D’où également le caractère camp du film, entre nostalgie et détachement, à travers la féminité enfantine, le décor fabriqué, le style équivoque, l’évocation de figures comme Maë West ou Carmen Miranda, l’extravagance et l’emphase scénique. « Ainsi les choses deviennent “ camp ”, non pas du fait qu’elles vieillissent, mais du fait qu’elles se sont détachées de nous ; ainsi pouvons-nous goûter en elles jusqu’au bout de l’échec, sans aucunement nous sentir frustrés », écrit Susan Sontag dans ses notes sur le camp [7]. Sous ses dehors frivoles Shirley Temple Story raconte une fable ornementale et archéologique. Au diapason d’un certain cinéma politique et formel des années 1970, croisant dénudation de la forme et critique sociale, le film d’Antoni Padrós provoque une déflagration entre promesse et réminiscence, transition et reprise, à la manière d’une déchirure temporelle. Sans doute son insolence intempestive a-t-elle rencontré avec bonheur, en ce dimanche barcelonais d’avril 1992, ma propre condition de cinéphile.
Érik Bullot
[1] Serge Daney, Persévérance, Entretiens avec Serge Toubiana, Paris, P.O.L, 1994, p. 88-89.
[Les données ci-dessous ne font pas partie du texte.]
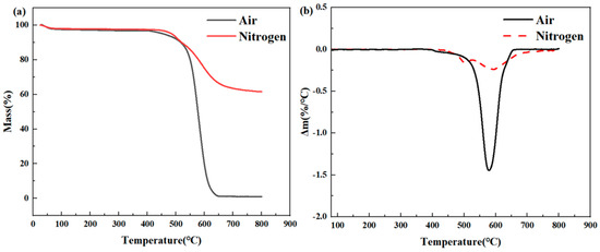 - The thermal degradation performance of PMR350 under various atmospheres was investigated using TGA. The results indicated that PMR350 exhibited a higher Td5% in a nitrogen atmosphere, which was 29 °C higher than that in air. Additionally, PMR350 demonstrated improved residual weight and a lower thermal degradation rate, suggesting that oxygen accelerated and promoted thermal degradation.
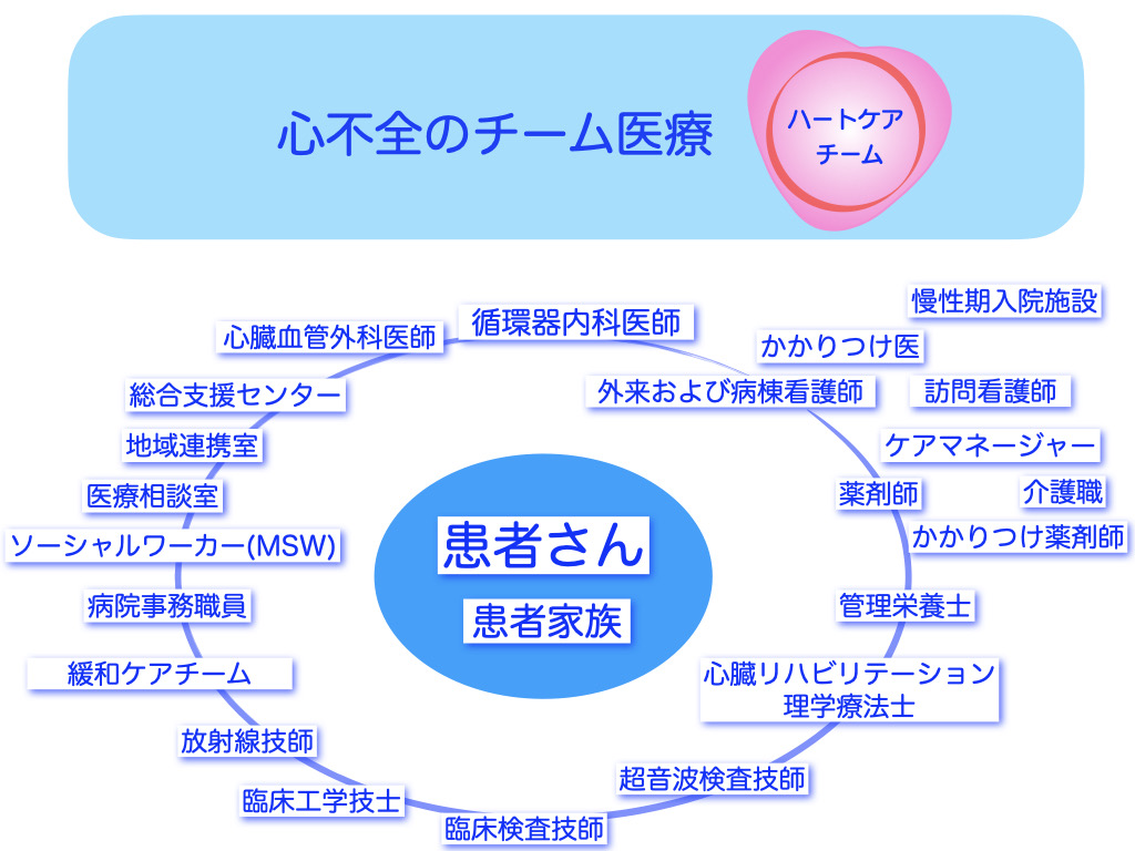 医師を中⼼に、看護師、薬剤師、理学療法⼠、臨床検査技師、管理栄養⼠など15⼈の医療専⾨職が⽇本循環器学会認定⼼不全療養指導⼠の資格に合格し、専⾨的な知識を共有しながらチーム医療を実践しています。
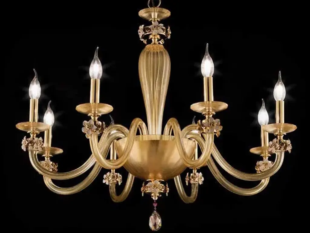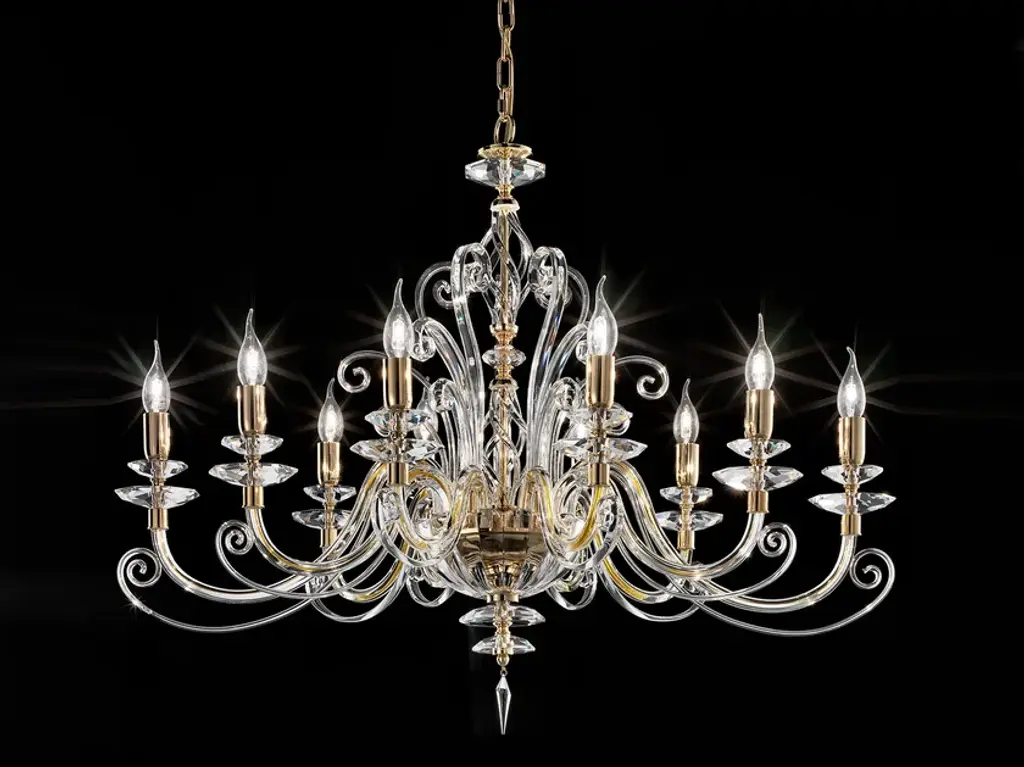 Finish: shiny gold. Other finishes on request.Color: transparent Diamond: crystal central body, crystal cup, bobeche and spheres in transparent color. Green Diamond: crystal central body, crystal cup, bobeche in green color; spheres in violet color.Amber Diamond: crystal central body, crystal cup, bobeche in amber color; spheres in fumè color. Other colors on request.Details: central body and cup are in crystal material with diamond effect and they are made in Tuscany. All metal components are in brass material.Shade 34/45 bordeaux/light yellow mod. impero with ponge fabric ½ mod.Giuditta organza , ½ mod. elica organza . Bordeaux velvet trimming. Shade 34/44 black/ violet mod. impero with Asia voile and ½ mod. Giuditta organza , ½ mod. elica organza. Black velvet trimming.
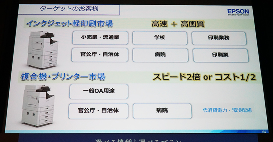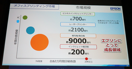 両社は、約9000億円の複写機/複合機市場と、約200億円のインクジェット軽印刷市場を「エプソンにとって成長領域」と分析。両市場を新製品の主なターゲットに設定し、さらなる市場拡大を目指す。
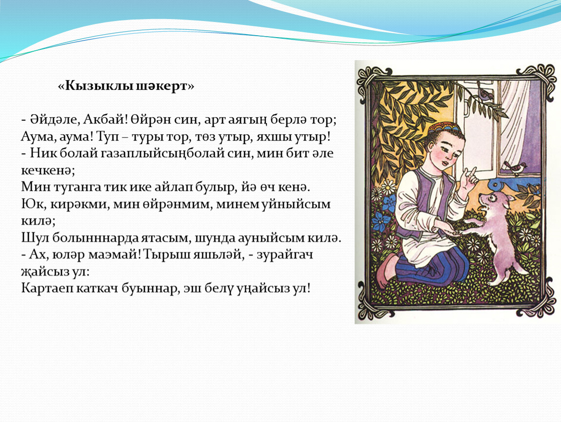Г. Тукай кечкенәдән табигатьне, җан ияләрен яраткан, аларга карата миһербанлы, шәфкатьле булырга өндәгән.
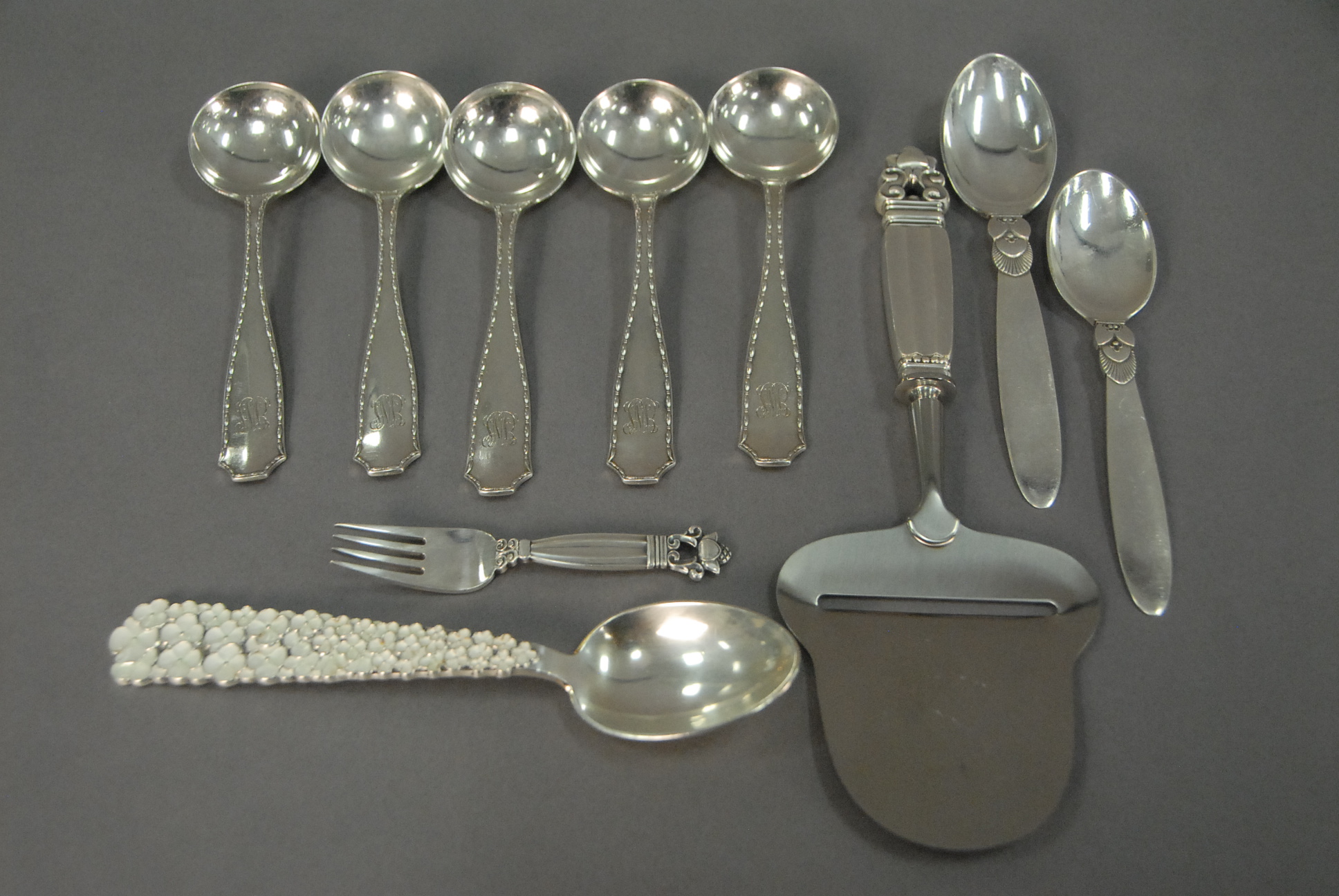 Five Tiffany soup spoons, pair of Georg Jensen spoons, small fork, cheese slicer, and Michelsen spoon, 7.8 t oz.
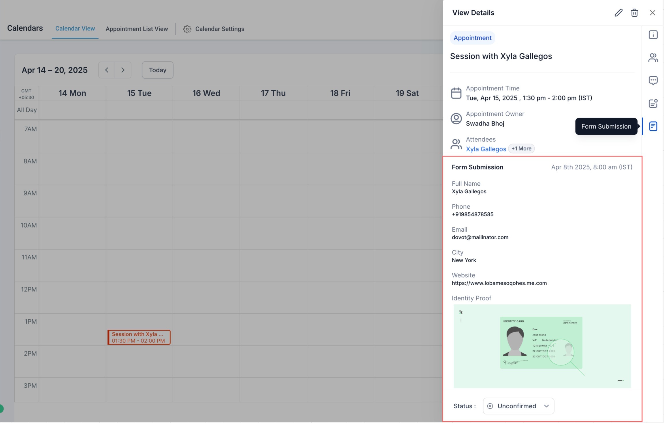 The View Form Submissions feature allows users to see responses from custom booking forms directly within the Appointment Modal. This eliminates the need to navigate to the Forms module or Contacts to review details, making your scheduling workflow faster and more seamless.
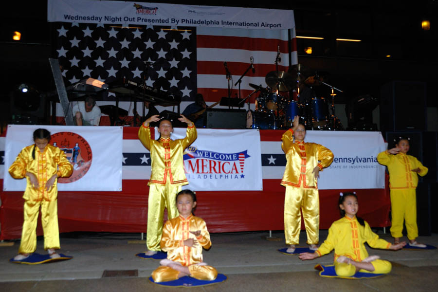 法轮功学员应邀参加费城美国独立日庆祝活动展现大法的美好图为优美舒缓的功法演示2008-7-3
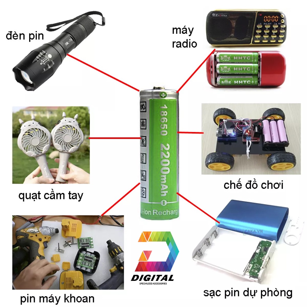 - Pin sạc Lithium (Li-ion) 18650 4.2V - 2200MAH được sử dụng phổ biến cho sản phẩm quạt siêu tốc cầm tay, loa, xe điện, đèn pin, thuốc lá điện tử, đèn led, đèn khẩn cấp, máy khoan vit, và các thiết bị điên tử khác.
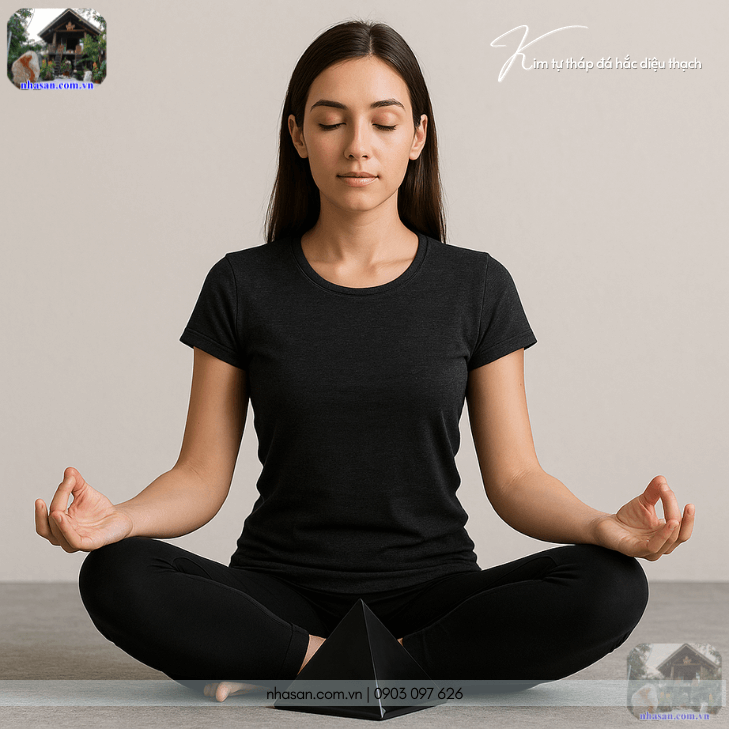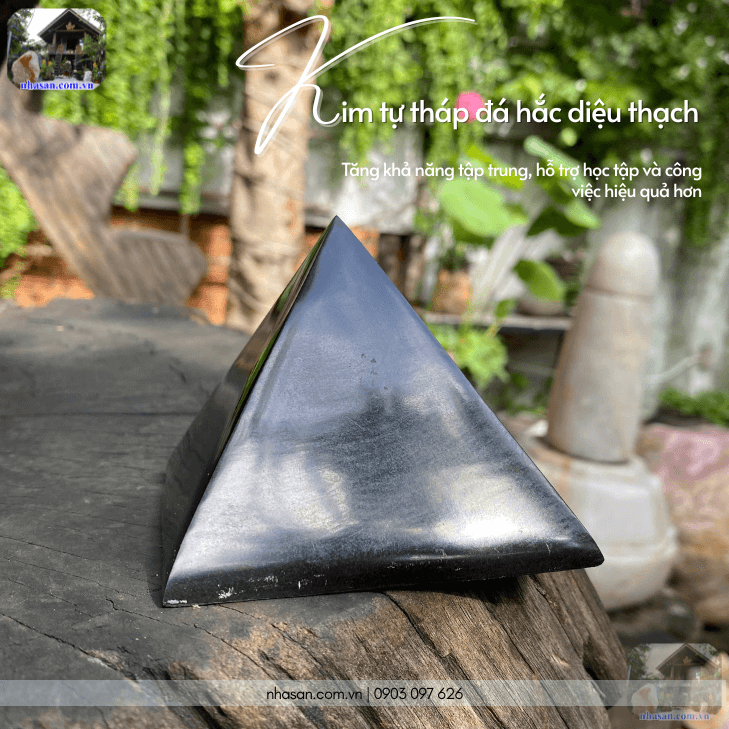 Kim tự tháp đá hắc diệu thạch hỗ trợ thiền định, cân bằng cảm xúc, giảm căng thẳng

[2] Certains plans furent tournés, semble-t-il, avec la pellicule son destinée au tirage des pistes optiques, au fort contraste.
[3] L’un des premiers films d’Antoni Padrós s’intitule Alice Has Discovered the Napalm Bomb(1968-69).
[4] Victor Chklovski, Sur la théorie de la prose, trad. Guy Verret, Lausanne, L’Âge d’homme, 1973, p. 211-244.
[5] Mentionnons également le tableau de Salvador Dalí, réalisé en 1939, Shirley Temple, The Youngest, Most Sacred Monster of the Cinema in Her Time.
[6] L’Asociación para la Recuperación de la Memoria Histórica, soucieuse de procéder à une archéologie du passé franquiste, fut créée au début des années 2000. La Ley de Memoria Histórica, « pour que soient reconnus et étendus les droits et que soient établis des moyens en faveur de ceux qui ont souffert de persécution ou de violence durant la Guerre civile et la Dictature »,fut adoptée seulement en 2007. À l’inverse de l’Argentine, l’Espagne n’a procédé à aucun procès, à ma connaissance, contre les acteurs de la dictature.
[7] Susan Sontag, « Le Style “ camp ” », in L’Œuvre parle, trad. Guy Durand, Paris, Christian Bourgois, 2010, p. 438.